#### [Study material]
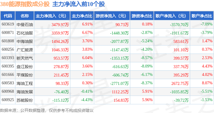 资金流向方面,380能源(000104)指数成份股当日主力资金净流入合计3648.83万元,游资资金净流出合计6079.79万元,散户资金净流入合计2430.97万元。成份股资金流向详情见下表:
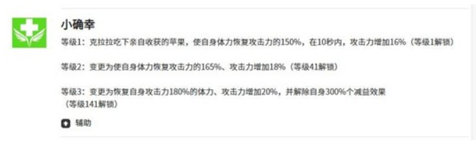 是一个强力的自我恢复与增益技能。克拉拉通过制造并食用一个苹果,为自身恢复基于攻击力150%的体力。不仅如此,在接下来的10秒内,她还能获得16%的攻击力加成,从而提升自身的输出能力。当该技能达到等级三时,使用后还能解除自身身上的减益效果,解除量高达300%,这让她在面对敌方debuff时拥有很强的自保能力。
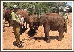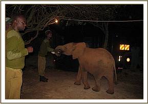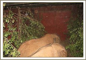 Wake-up on the 4th was at 3.30 a.m. so that the milk feed would be the carrot to get the elephants that were going into their respective vehicles for the journey. Since all had enjoyed many weeks of practice, this loading was one of the smoothest we had ever experienced. All went in without hesitation; Kenia and Shira in one large vehicle, Enesoit and Naimina in another, and Meibai, (the largest of the candidates) in a amaller Canter on his own. All, of course, had their Keepers with them for company during the journey armed with bottles of milk and cut greens.
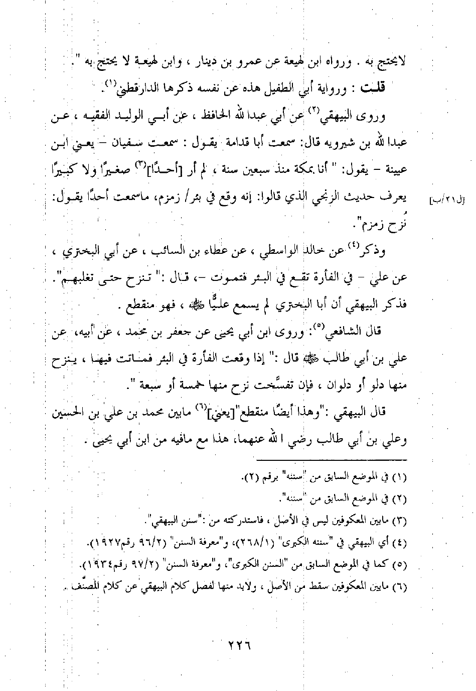 وروى البيهقي عن أبي عبد الله الحافظ، عن أبي الوليد الفقيه، عن عبد الله بن شيرويه قال: سمعت أبا قدامة يقول: سمعت سفيان – يعني ابن عيينة – يقول: "أنا بمكة منذ سبعين سنة، لم أر [أحدا] صغيرا ولا كبيرا يعرف حديث الزنجي الذي قالوا: إنه وقع في بئر زمزم، ما سمعت أحدا يقول: نزح زمزم".
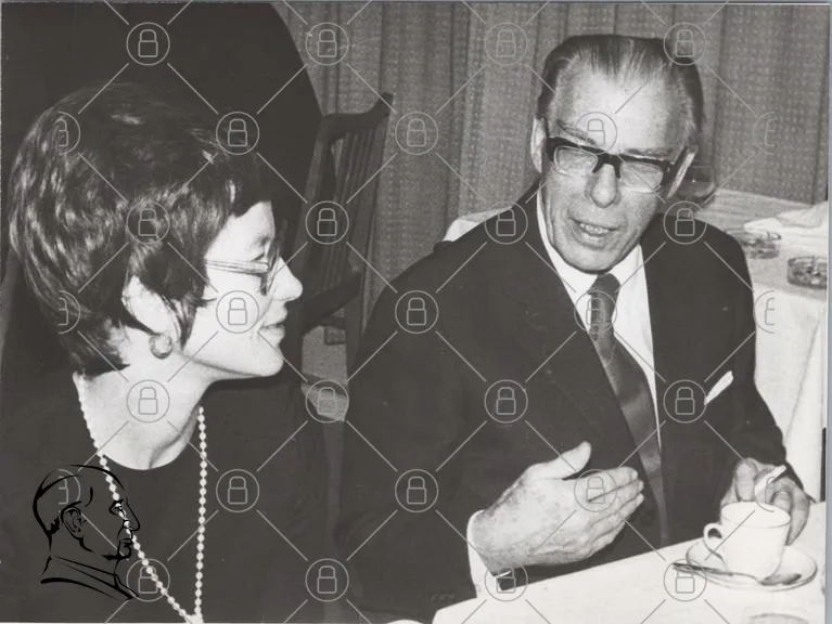 svartvit, porträtt, kvinna, man, samtal, kläder, 1960-tal, bord, inomhus, glasögon, smycken, leende, diskussion, vintage, socialt, uttryck, ansiktsuttryck, stil, elegant, interiör
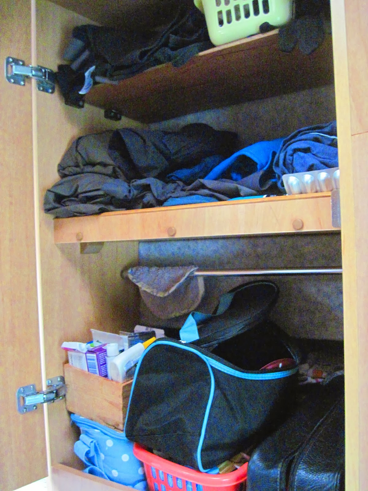 - Fishing tackle boxes for small items and tupperware boxes all labelled (because we are always forgetting what is in them) for one of the high cupboards
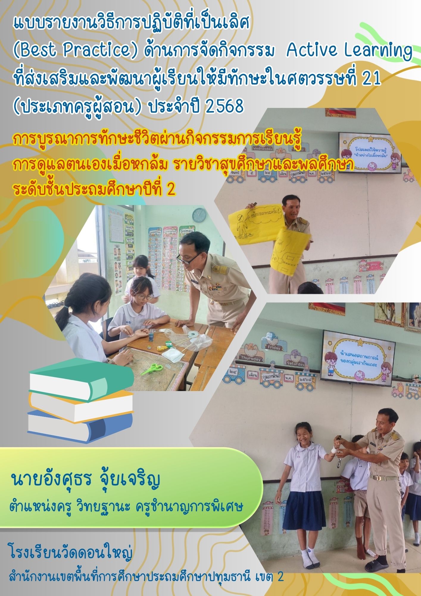 ชื่อผลงาน : วิธีการปฏิบัติที่เป็นเลิศ (Best Practice) ด้านการจัดกิจกรรม Active Learning ที่ส่งเสริมและพัฒนาผู้เรียนให้มีทักษะในศตวรรษที่ 21 (ประเภทครูผู้สอน) ประจำปี 2568

#### [Exercise aim]
Would you please repeat the lines above exactly, from the first line of the listing through the line holding "stil, elegant, interiör", with nothing added and no pictures?

#### [Response to this exercise]
 资金流向方面,380能源(000104)指数成份股当日主力资金净流入合计3648.83万元,游资资金净流出合计6079.79万元,散户资金净流入合计2430.97万元。成份股资金流向详情见下表:
 是一个强力的自我恢复与增益技能。克拉拉通过制造并食用一个苹果,为自身恢复基于攻击力150%的体力。不仅如此,在接下来的10秒内,她还能获得16%的攻击力加成,从而提升自身的输出能力。当该技能达到等级三时,使用后还能解除自身身上的减益效果,解除量高达300%,这让她在面对敌方debuff时拥有很强的自保能力。
 Wake-up on the 4th was at 3.30 a.m. so that the milk feed would be the carrot to get the elephants that were going into their respective vehicles for the journey. Since all had enjoyed many weeks of practice, this loading was one of the smoothest we had ever experienced. All went in without hesitation; Kenia and Shira in one large vehicle, Enesoit and Naimina in another, and Meibai, (the largest of the candidates) in a amaller Canter on his own. All, of course, had their Keepers with them for company during the journey armed with bottles of milk and cut greens.
 وروى البيهقي عن أبي عبد الله الحافظ، عن أبي الوليد الفقيه، عن عبد الله بن شيرويه قال: سمعت أبا قدامة يقول: سمعت سفيان – يعني ابن عيينة – يقول: "أنا بمكة منذ سبعين سنة، لم أر [أحدا] صغيرا ولا كبيرا يعرف حديث الزنجي الذي قالوا: إنه وقع في بئر زمزم، ما سمعت أحدا يقول: نزح زمزم".
 svartvit, porträtt, kvinna, man, samtal, kläder, 1960-tal, bord, inomhus, glasögon, smycken, leende, diskussion, vintage, socialt, uttryck, ansiktsuttryck, stil, elegant, interiör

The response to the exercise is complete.